Classical cadherins are the principle adhesive proteins at cohesive intercellular junctions and are essential proteins for morphogenesis and tissue homeostasis39. P-cadherin is a calcium dependent cell–cell adhesion glycoprotein, which has a crucial role in the conservation of the structural integrity of epithelial tissues. Like other members of the cadherin family, P-cadherin (CDH3) regulates several cellular homeostatic processes that participate in embryonic development and maintain adult tissue architecture, being important for cell differentiation, cell shape, cell polarity, growth, and migration40. It is worth noting that DIO2 and IGFL2 also play an important role in growth and development. These three genes play a major role in development, regeneration, morphogenesis and so on. This highlights the prominent role of tissue formation and development in the pathogenesis of fibrosis.

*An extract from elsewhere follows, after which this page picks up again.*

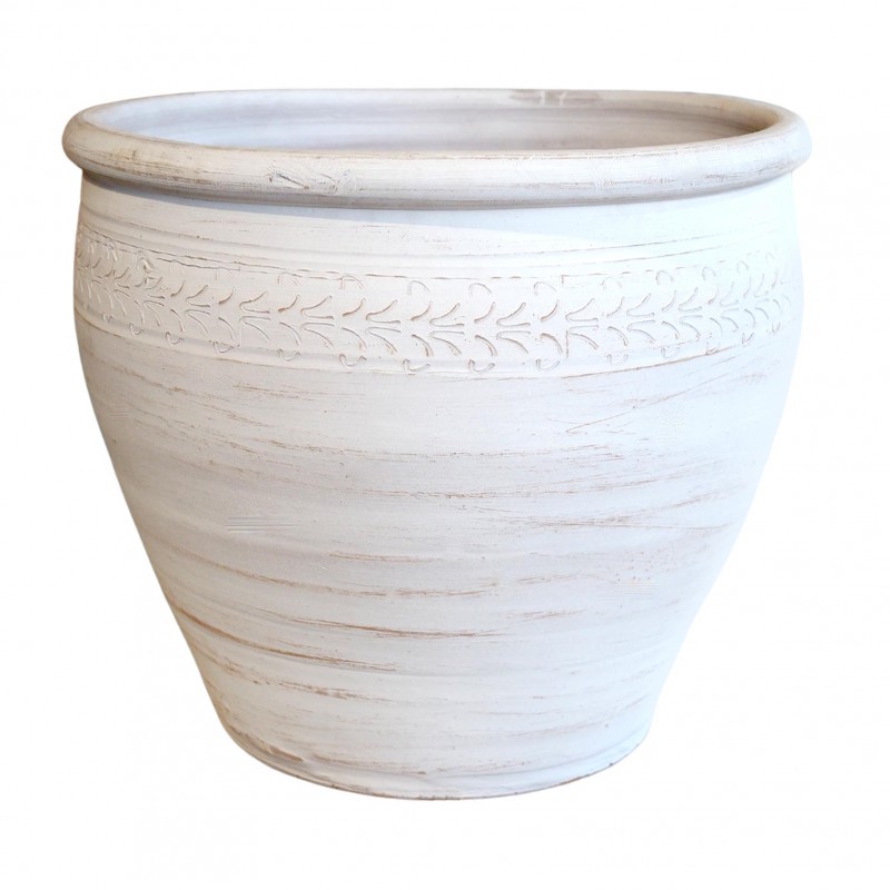 Pot Boule Texane Blanc En Terre Cuite Ø22-H24-DECOLINES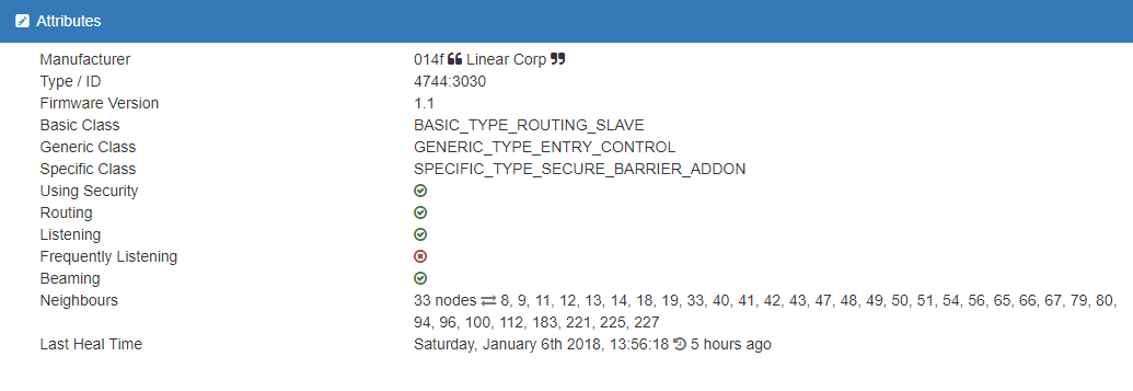 Here is my detached garage door opener, which is the furthest device from the controller (definitely out of range). It works great through the mesh.

Interleukin (IL)-13 has been shown to play a role in several inflammatory and fibrotic diseases41. IL-13 modulates its effector functions via a complex receptor system that includes the IL-4 receptor (R) α, IL-13Rα1, and the IL-13Rα2. IL-13Rα1 binds IL-13 with low affinity, yet, when it forms a complex with IL-4α, it binds with much higher affinity, inducing the effector functions of IL-13. IL-13Rα2 binds IL-13 with high affinity but has a short cytoplasmic tail and has been shown to act as a nonsignaling decoy receptor. Transfection of fibroblasts and epithelial cells with IL-13Rα2 inhibited the IL-13 induction of soluble collagen, TGF-β, and CCL17. Adenoviral overexpression of IL-13Rα2 in the lung reduced bleomycin-induced fibrosis41.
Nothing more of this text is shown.